*ASSIGNED TASK*. Transcribe the entries below exactly; leave every image out.

*Source records*.

====

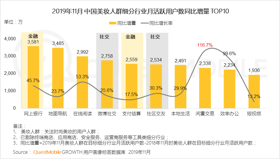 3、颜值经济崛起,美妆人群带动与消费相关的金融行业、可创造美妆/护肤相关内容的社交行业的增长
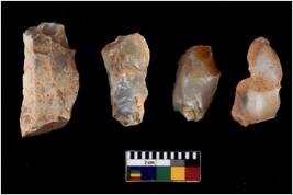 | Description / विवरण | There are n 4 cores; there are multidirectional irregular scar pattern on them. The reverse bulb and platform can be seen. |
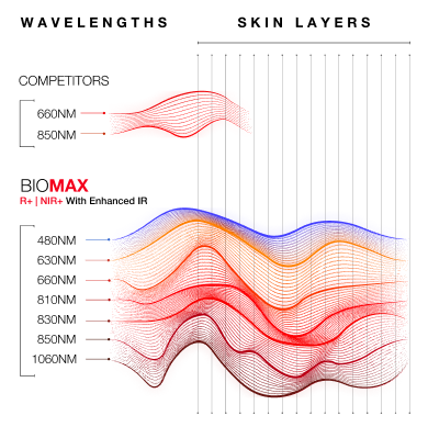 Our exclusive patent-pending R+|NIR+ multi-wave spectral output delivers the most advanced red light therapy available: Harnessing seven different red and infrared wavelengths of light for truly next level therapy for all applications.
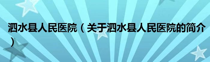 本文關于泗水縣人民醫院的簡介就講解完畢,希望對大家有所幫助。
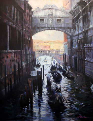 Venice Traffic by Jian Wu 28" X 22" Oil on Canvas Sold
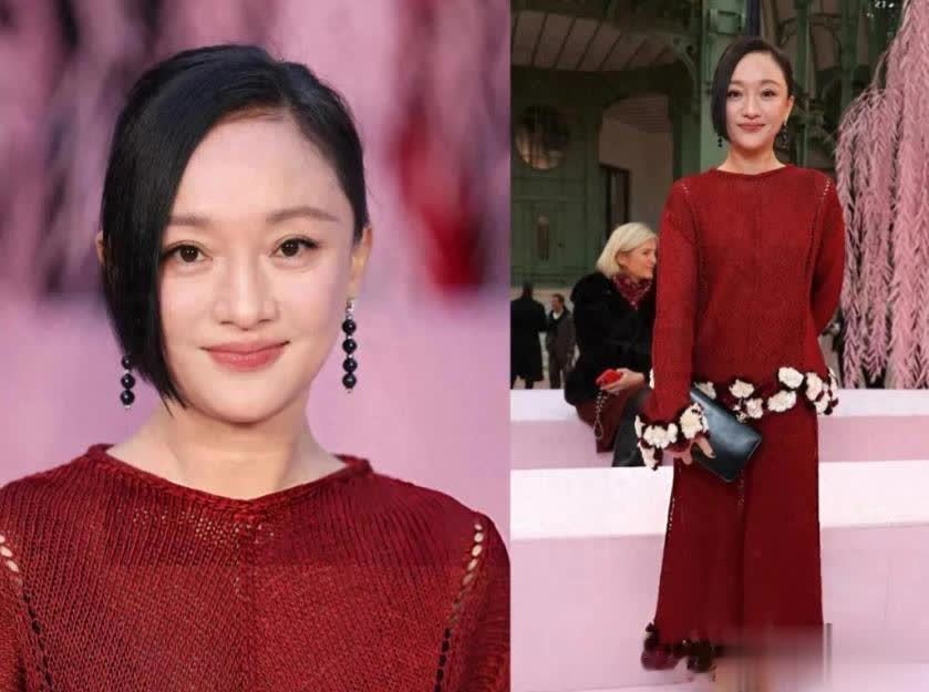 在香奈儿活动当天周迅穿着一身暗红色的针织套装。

====

*WRITTEN RESPONSE*.
 3、颜值经济崛起,美妆人群带动与消费相关的金融行业、可创造美妆/护肤相关内容的社交行业的增长
 | Description / विवरण | There are n 4 cores; there are multidirectional irregular scar pattern on them. The reverse bulb and platform can be seen. |
 Our exclusive patent-pending R+|NIR+ multi-wave spectral output delivers the most advanced red light therapy available: Harnessing seven different red and infrared wavelengths of light for truly next level therapy for all applications.
 本文關于泗水縣人民醫院的簡介就講解完畢,希望對大家有所幫助。
 Venice Traffic by Jian Wu 28" X 22" Oil on Canvas Sold
 在香奈儿活动当天周迅穿着一身暗红色的针织套装。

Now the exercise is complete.